SRRP Fate Sharing is a concept in which a group of SRRP instances track a single operational-object composed of SRRP messaging SAPs. The SRRP instances behave as one (in the single failure case) with regards to SRRP state (init/master/backup). The group of SRRP instances that are sharing fate on a paired node are referred as a Fate Sharing Group (FSG).

Transition of a single messaging SAP within the FSG into a DOWN state forces the SRRP instance on top of it into the INIT state. Consequently, all other SRRP instances within the same FSG transitions into a Backup state. In other words, SRRP instances within the FSG all share the same fate as the failed SRRP instance as shown in Figure: FSG — single network failure. SRRP Fate Sharing provides optimal protection in the context of a single failure in the network.

Figure: FSG — single network failure

In the event of multiple network failures, the concept of the FSG breaks as there is a possibility that a ‛FSG’ contains SRRP instances that are in any of the three possible SRRP states: master, backup, or init. This Fate Sharing feature may not provide optimal protection when there are multiple network failures distributed over both redundant nodes.

Figure: Multiple network failures

The whereabouts of the failure in the network path that SRRP is designed to monitor are not always clearly reflected through SRRP states. For example, if the network failure is somewhere in the aggregation network beyond the direct reach of our BNG, SRRP instances on both BNG nodes can reach the SRRP master state. This is a faulty condition and the reason why solely monitoring of the SRRP states is not enough to protect against failures. On the other hand, the SRRP messaging SAP states are more indicative of the network failure because they can be tied into Eth-OAM.

After a single network failure is detected and as a result an SRRP instance transitions into a non-master state, the remaining SRRP instances in the FSG are forced into a backup state. This is achieved by changing the priority of each individual SRRP instance in the FSG.

When there are simultaneous multiple failures (multiple ports fail at the same time), it is possible that the SRRP instances within the FSG settle in any of the three possible SRRP states: Master, Backup, or Init. In such scenario, shunted traffic ensues.

In the premise of SRRP Fate Sharing, the network failure is reflected in the operational state of the messaging SAP over which SRRP runs. This is the case if the failure is localized to the BNG (somewhere on the directly connected link).
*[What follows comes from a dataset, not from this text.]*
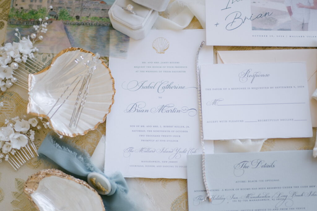 “I wanted my autumn beach wedding to incorporate beautiful and neutral shades of blues, grays and whites that were also fitting for the season,” says Isabel. “I’m a big fan of a minimalist and chic coastal look so we had shell and other ‘beachy’ motifs displayed on the invitations, menus and signage.”

In the case of non-localized failure (beyond the direct reach of the BNG node), Eth-OAM may be needed in to detect the remote end failure and consequently bring the SAP operationally into a DOWN state.

After the single network failure is detected, all instance within the FSG transitions into an SRRP non-Master state.
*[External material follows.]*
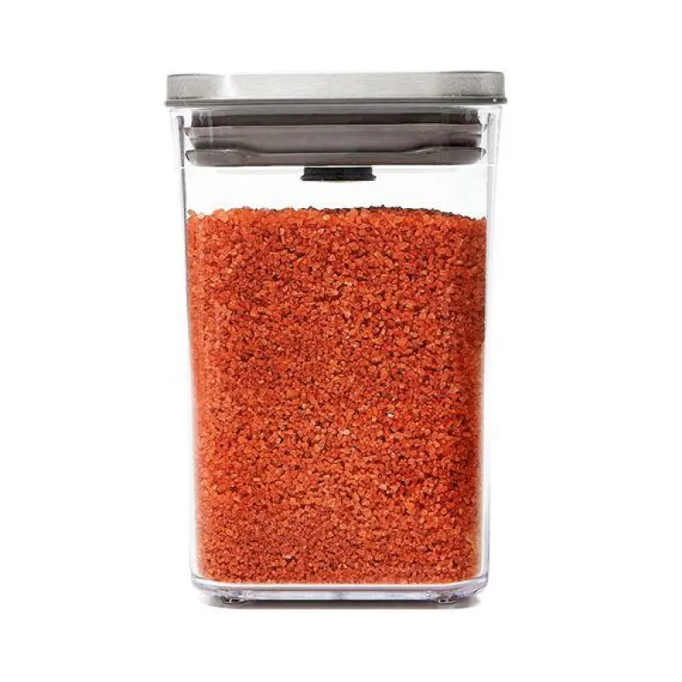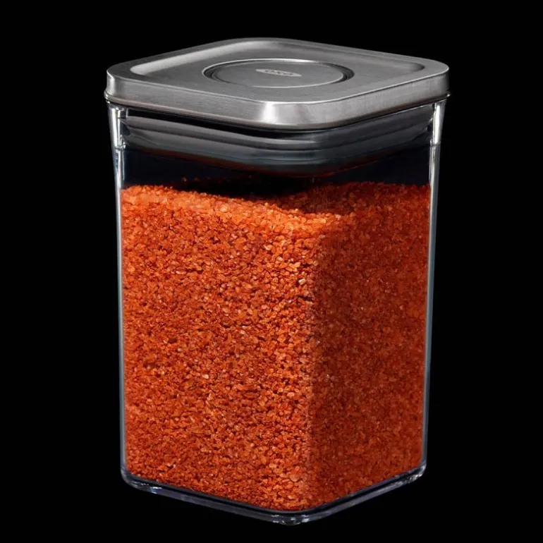 SteeL POP Containers fra OXO er lufttette oppbevaringsbokser til sukker, mel, pasta, ris og andre tørre matvarer. De har et elegant design med lokk i rustfritt stål, fås i mange størrelser og kan stables, så de utnytter plassen og passer i alle kjøkkenskapene. Lokket har en unik trykkfunksjon som sørger for at det lukker helt tett, samtidig som det fungerer som et håndtak, når det åpnes. Den lufttette forseglingen holder maten frisk lenger, og boksenes rundede hjørner gjør det lett å helde ingrediensene ut av dem. På undersiden av lokket kan man feste forskjellige tilbehør, som kjøpes separat. Lokket kan demonteres for grundig rengjøring, og både selve POP Containeren og lokket tåler oppvaskmaskin. POP Containers kan også brukes i garasjen, på hobbyrommet, barnerommet, osv.

If there are no failures in the network, all SAPs are UP and SRRP instances within the FSG are in a homogeneous and deterministic state based on their configured priorities.

Figure: SRRP Fate Sharing

Failure Detection in a Fate Sharing Group

Dual homing over directly connected ports. No Eth-OAM is needed, AN is directly connected to the BNG.

Figure: Scenario 1
Dual homing with aggregation network - aggregation network has no redundancy between Layer 2 switches (STP). To determine whereabouts of failure at point 1 in Figure: Scenario 2, Eth-OAM is needed.

Figure: Scenario 2
Dual homing with aggregation network - aggregation network with redundancy between Layer 2 switches (STP). No Eth-OAM is needed in this case for successful operation. However, the failure detection is based on the failure of the directly attached ports.

Figure: Scenario 3
Single homing with aggregation network. In this case, SRRP can protect only against direct failures. Any remote failure leaves a part of the network isolated from the subscriber point of view.

Figure: Scenario 4